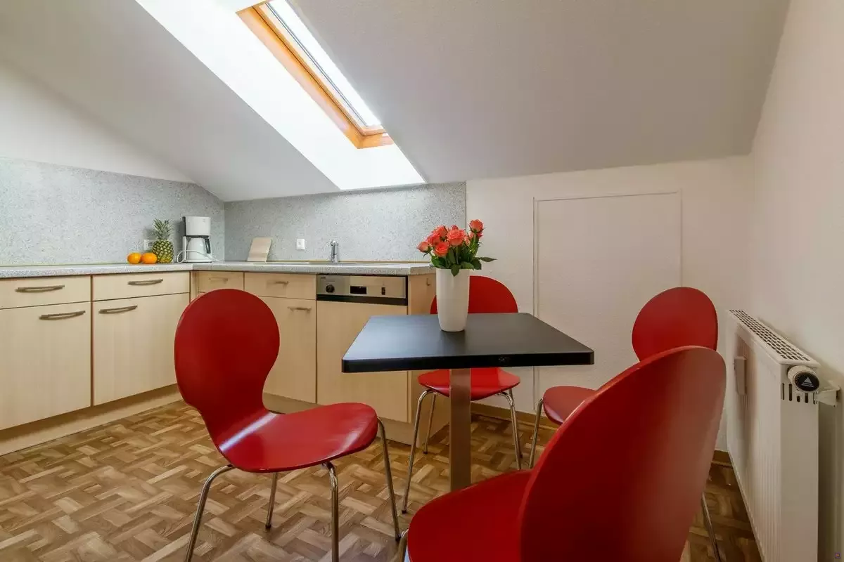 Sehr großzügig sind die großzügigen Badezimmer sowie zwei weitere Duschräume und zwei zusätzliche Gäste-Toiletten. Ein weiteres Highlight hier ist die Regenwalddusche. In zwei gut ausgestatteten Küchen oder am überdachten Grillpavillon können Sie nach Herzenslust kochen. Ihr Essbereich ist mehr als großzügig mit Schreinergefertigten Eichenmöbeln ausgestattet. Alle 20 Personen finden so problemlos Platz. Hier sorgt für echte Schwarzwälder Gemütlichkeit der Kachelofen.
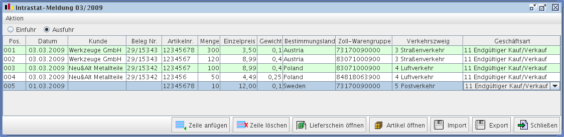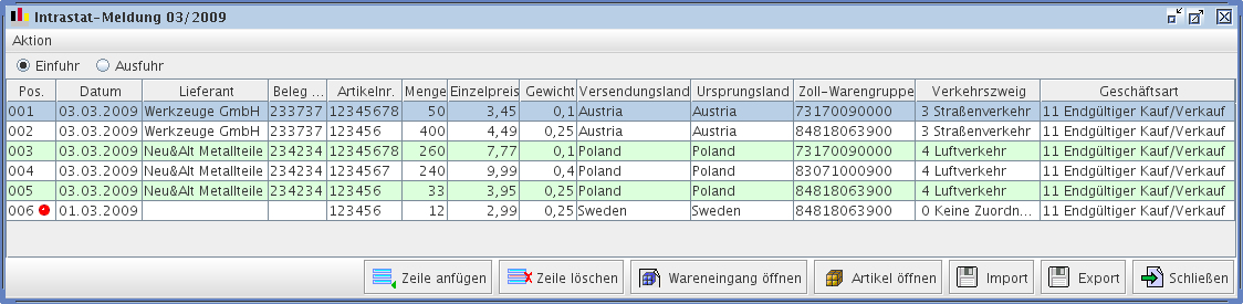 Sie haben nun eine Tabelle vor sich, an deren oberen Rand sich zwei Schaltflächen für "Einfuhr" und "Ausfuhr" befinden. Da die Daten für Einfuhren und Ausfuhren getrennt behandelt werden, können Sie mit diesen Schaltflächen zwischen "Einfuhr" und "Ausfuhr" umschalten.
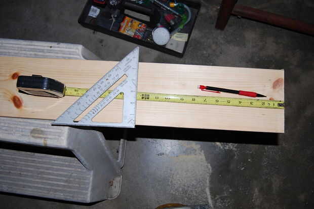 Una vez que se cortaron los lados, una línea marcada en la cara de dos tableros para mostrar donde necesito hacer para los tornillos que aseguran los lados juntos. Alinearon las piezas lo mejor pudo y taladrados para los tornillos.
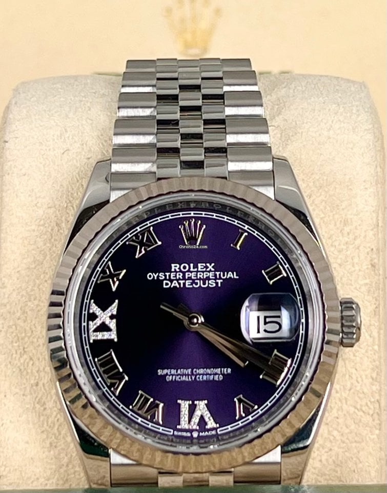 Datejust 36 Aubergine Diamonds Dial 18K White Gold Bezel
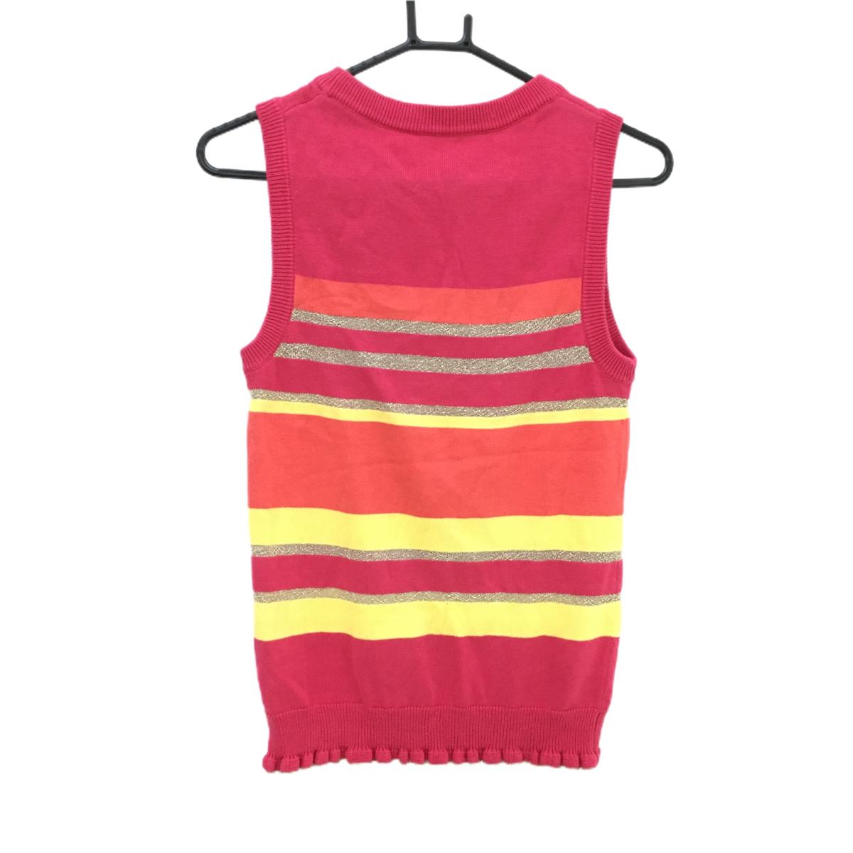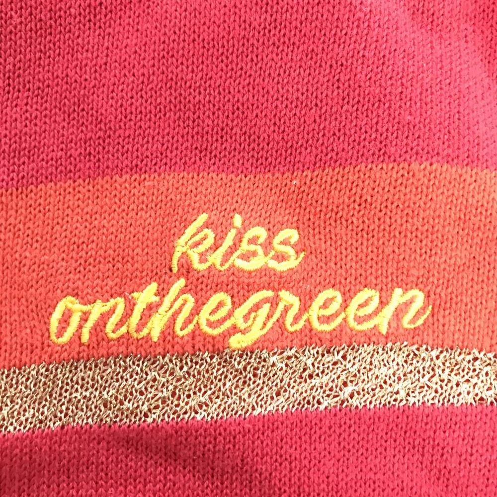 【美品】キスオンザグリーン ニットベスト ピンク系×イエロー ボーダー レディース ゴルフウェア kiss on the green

####

Reproduce exactly and only the lines from the one with "Datejust 36 Aubergine" through the last entry, both included, excluding every picture.

— ANSWER TO THIS EXERCISE —
 Datejust 36 Aubergine Diamonds Dial 18K White Gold Bezel
 【美品】キスオンザグリーン ニットベスト ピンク系×イエロー ボーダー レディース ゴルフウェア kiss on the green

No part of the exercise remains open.